I had planned to cover the two papers from IEDM in more detail. But, to be honest, since I am writing this over a month after IEDM, others have gone before me:
I recommend that you go and read all three of those posts.
On TSMC’s last earnings call, it said that there is available 7nm capacity. Of course, even if we are not in a recession, certainly some end markets are struggling. But there is also a possible issue with the most advanced nodes. Are there enough design teams and volume to keep the fab full once mobile and the other early adopters have moved on to the next node? I was talking to Handel Jones at some event recently, saying how I thought that more automotive manufacturers would follow Tesla’s lead and design their own chips. He said he thought it unlikely; it is both too expensive and too challenging for them to do. He thought most automotive manufacturers would have little option but to buy chips from the likes of Qualcomm and NVIDIA, even though that doesn’t give them differentiation. But if mobile and HPC will always want to be on the most advanced nodes, and automotive is not flooding in behind, then who is going to use all the 5nm capacity once the most advanced companies have moved on to 3nm? Especially as chips are more expensive per transistor in these advanced nodes, a further discouragement.
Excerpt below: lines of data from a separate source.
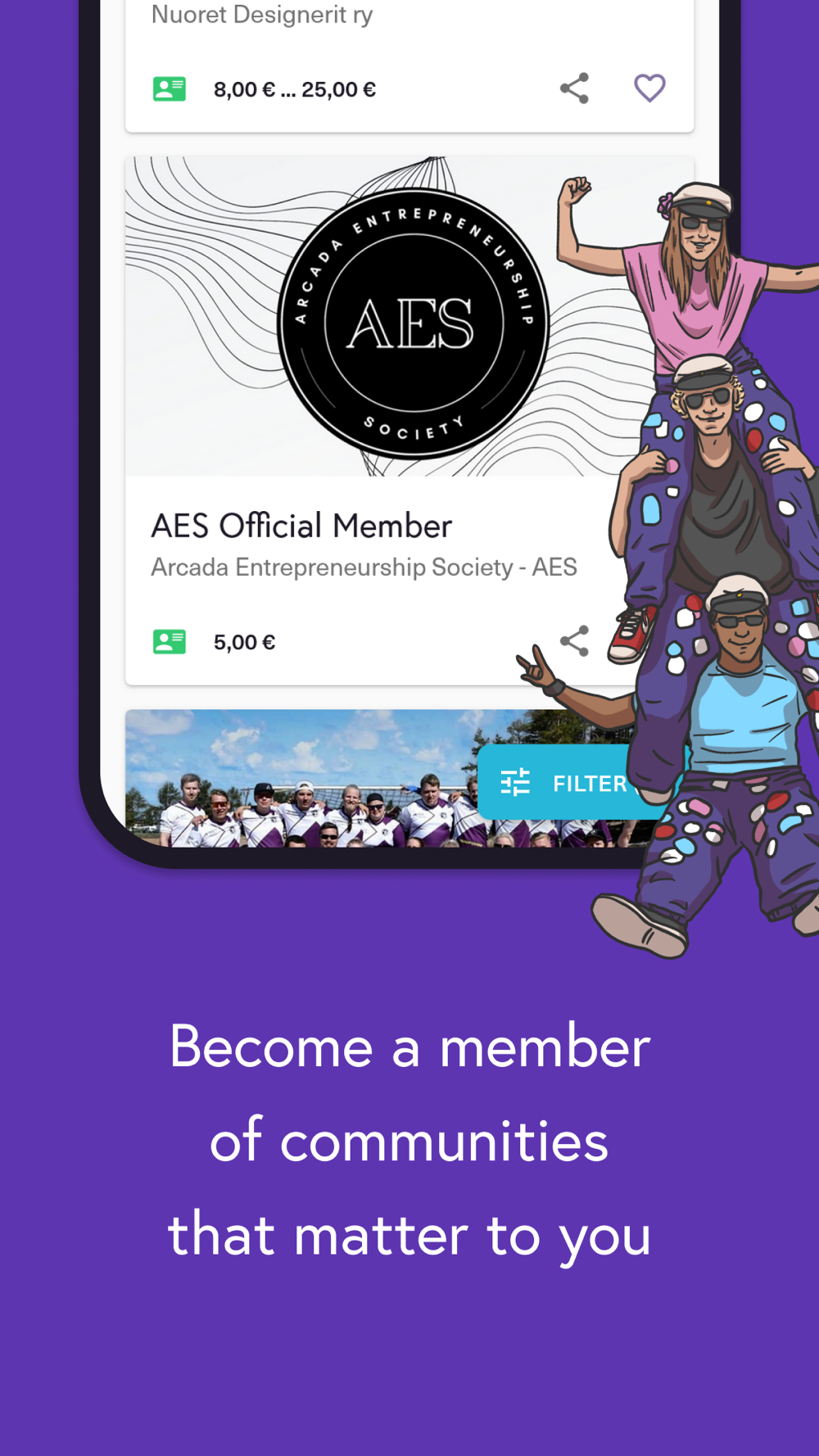 Become a member of the communities that matter to you! Already more than 300 operators sell memberships directly through Kide.app. Research and buy memberships directly from our service and enjoy membership benefits in the form of reduced prices or exclusive products.
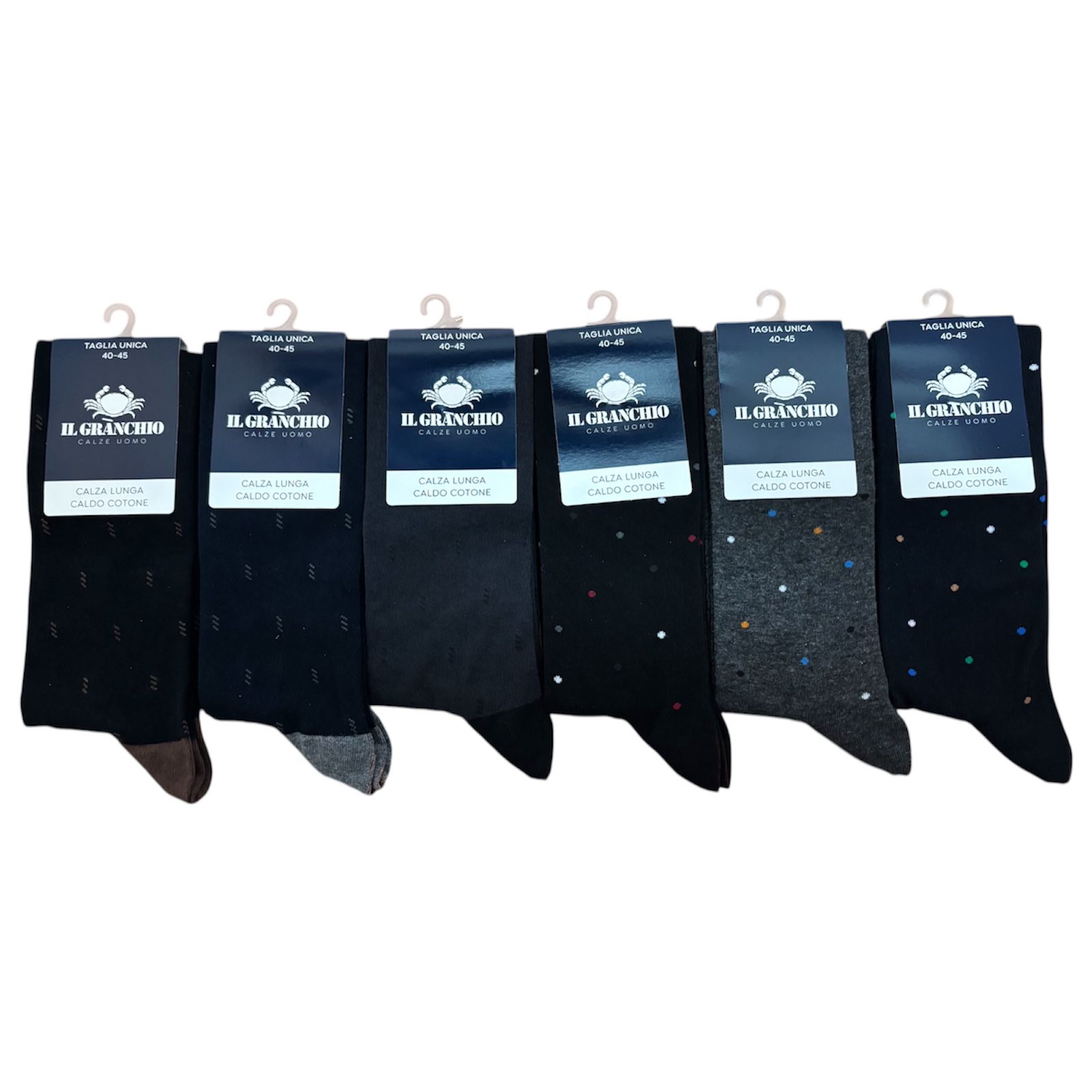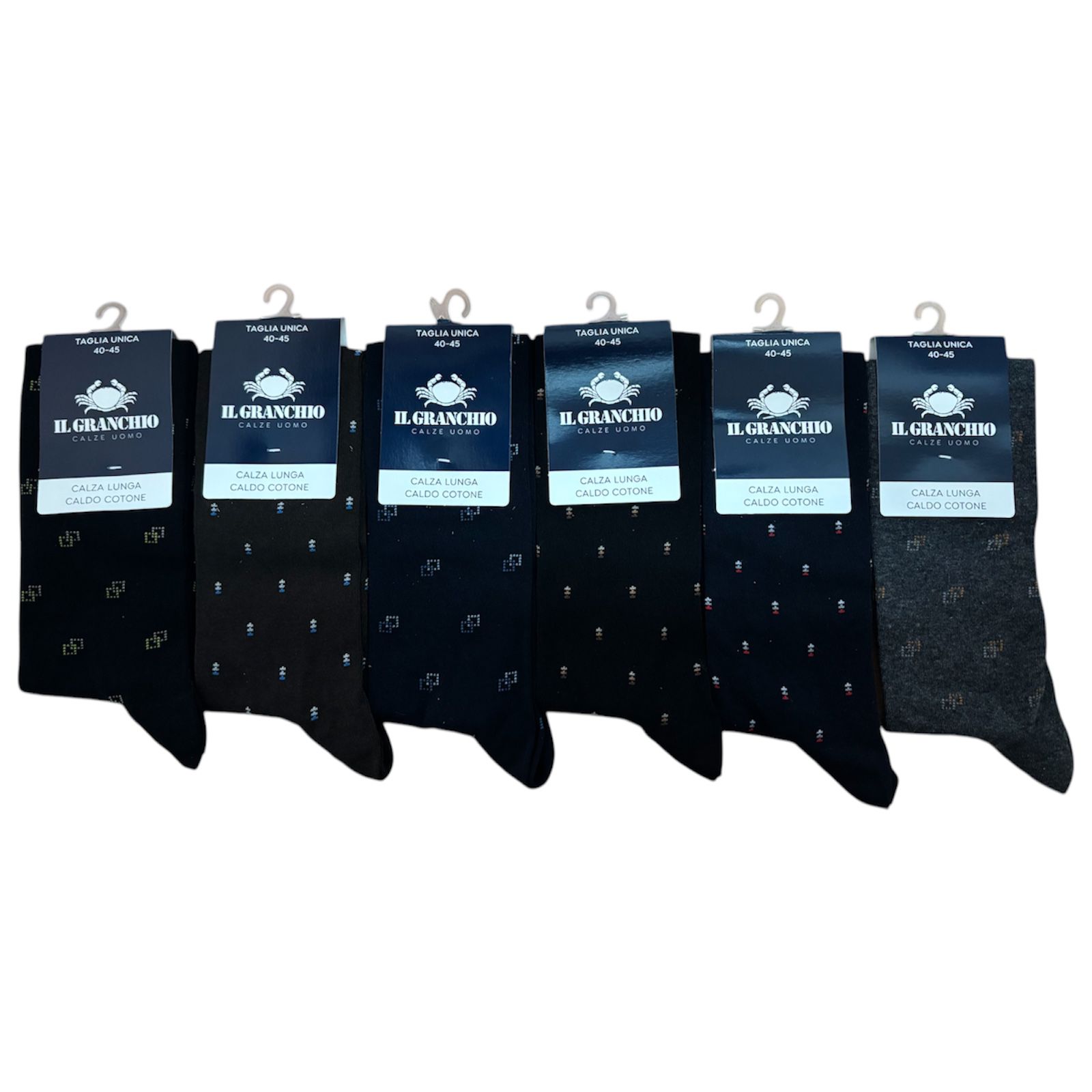 12 Paia Calza Lunga 40-45 Il Granchio Calzini Uomo Caldo Cotone Fantasia Casuale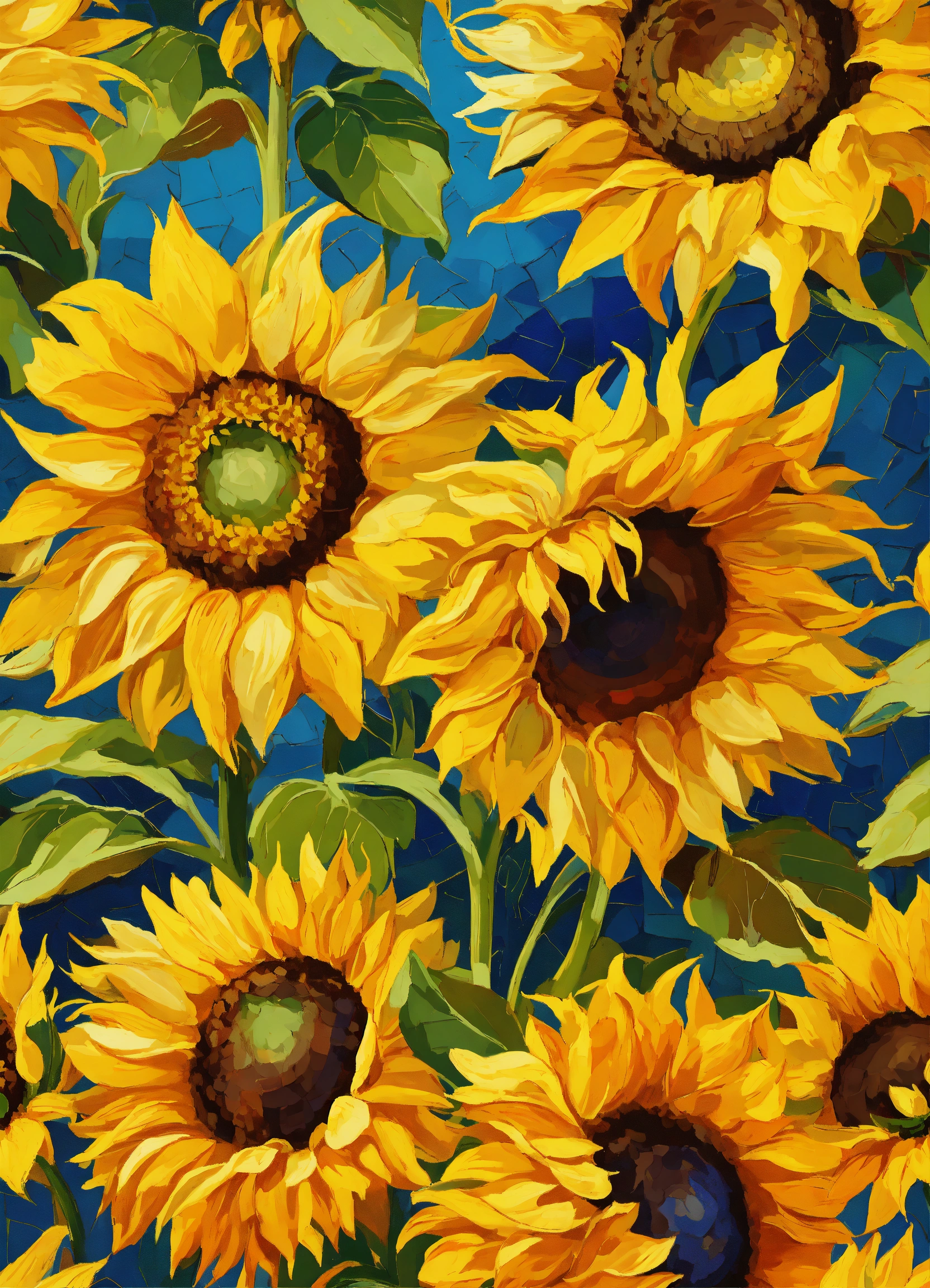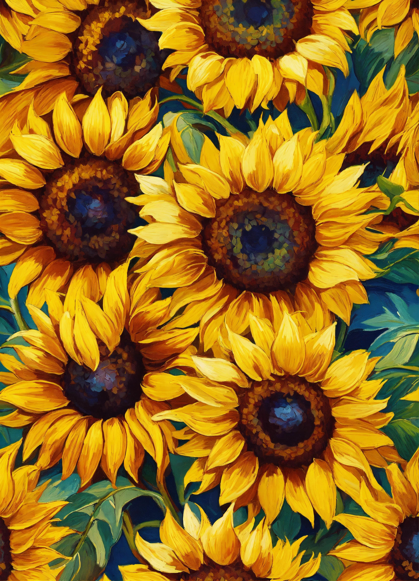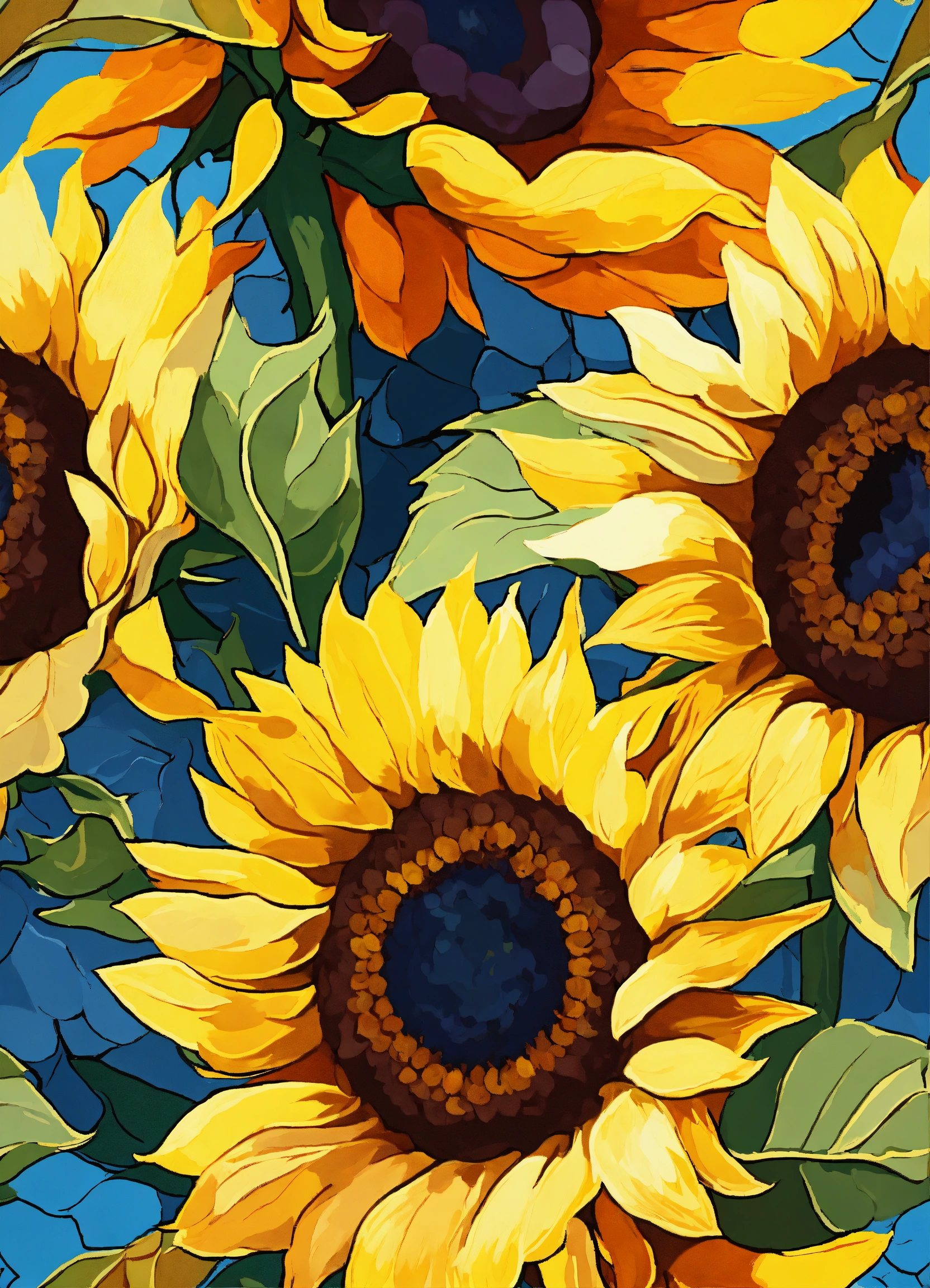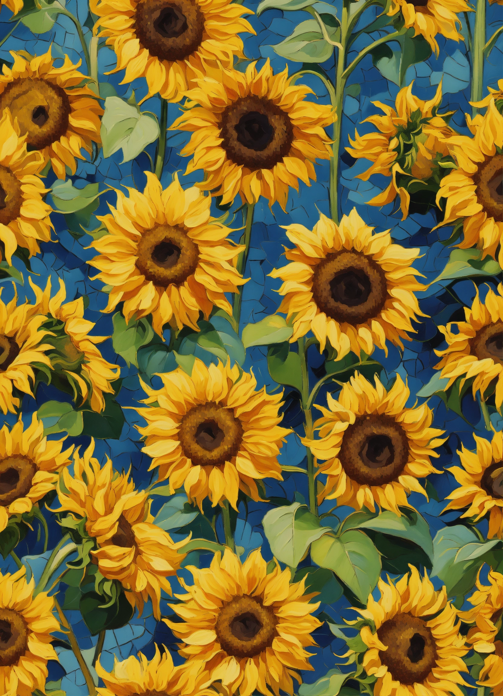 Sunflower by van gogh, lenoid afremov style, meticulous precision, clear, clean lines, intricate details, flat, vector, blank placeholder with an ultra hd detailed painting of many different types of colorful sunflower, seamless pattern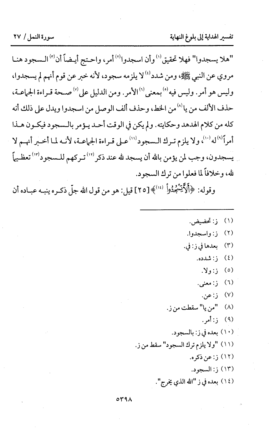 " هلا يسجدوا " فهلا تحقيق وأن اسجدوا أمر، واحتج أيضاً أن السجود هنا مروي عن النبي A، ومن شدد لا يلزمه سجود، لأنه خبر عن قوم أنهم لم يسجدوا، وليس هو أمر. وليس فيه بمعنى الأمر. ومن الدليل على صحة قراءة الجماعة، حذف الألف من يا من الخط، وحذف ألف الوصل من اسجدوا ويدل على ذلك أنه كله من كلام الهدهد وحكايته. ولم يكن في الوقت أحد يؤمر بالسجود فيكون هذا أمراً له، ولا يلزم ترك السجود على قراءة الجماعة، لأنه لما أخبر أنهم لا يسجدون، وجب لمن يؤمن بالله أن يسجد لله عند ذكر تركهم للسجود تعظيماً لله، وخلافاً لما فعلوا من ترك السجود.

On the other hand, something similar to this gets said at each process node. As the old joke goes, the number of people predicting the end of Moore’s Law doubles every two years.
TSMC announced last year that N3 would be manufactured in Fab 18 in the Tainan Science Park. They recently also announced further investment in Fab 21 Phase 2. With my magic decoder ring, I can see that Fab 21 is in Arizona, and this expansion will be used to produce N3x wafers. This means Arizona will have both 5nm and 3nm, with 20,000 wafer-starts-per-month (wpm) in 5nm and 30,000 wpm in 3nm.
Earlier this week, Cadence announced that:
Global Unichip Corporation (GUC) successfully delivered an advanced HPC design and a CPU design using Cadence digital solutions. The HPC design was created using the Cadence Innovus Implementation System on TSMC’s advanced N3 process and featured a 3.5 million instance count that reached clock speeds of up to 3.16GHz. The CPU design was created using the AI-enabled Cadence Cerebrus Intelligent Chip Explorer and the digital full flow on the TSMC N5 process technology, delivering 8% reduced power and a 9% area improvement while significantly improving engineering productivity.
Since this is a post about N3, let’s pull out another couple of sentences from the press release:
The Innovus Implementation System’s highly accurate GigaPlace engine provided GUC with support for TSMC FinFlex cell row placement and consideration for pin access throughout the flow for N3 design rule checking (DRC) closure. The state-of-the-art GigaOpt engine delivered improved optimization by enabling the most optimal configuration from the TSMC N3 library while balancing different cell row utilization. The Innovus Implementation System also includes a massively parallel architecture and incorporates the well-established NanoRoute engine, which enabled GUC to address signal integrity early in the design flow while improving post-route correlation.
The key takeaway, I think, is that Innovus fully supports the flexibility that comes with the FinFLEX approach.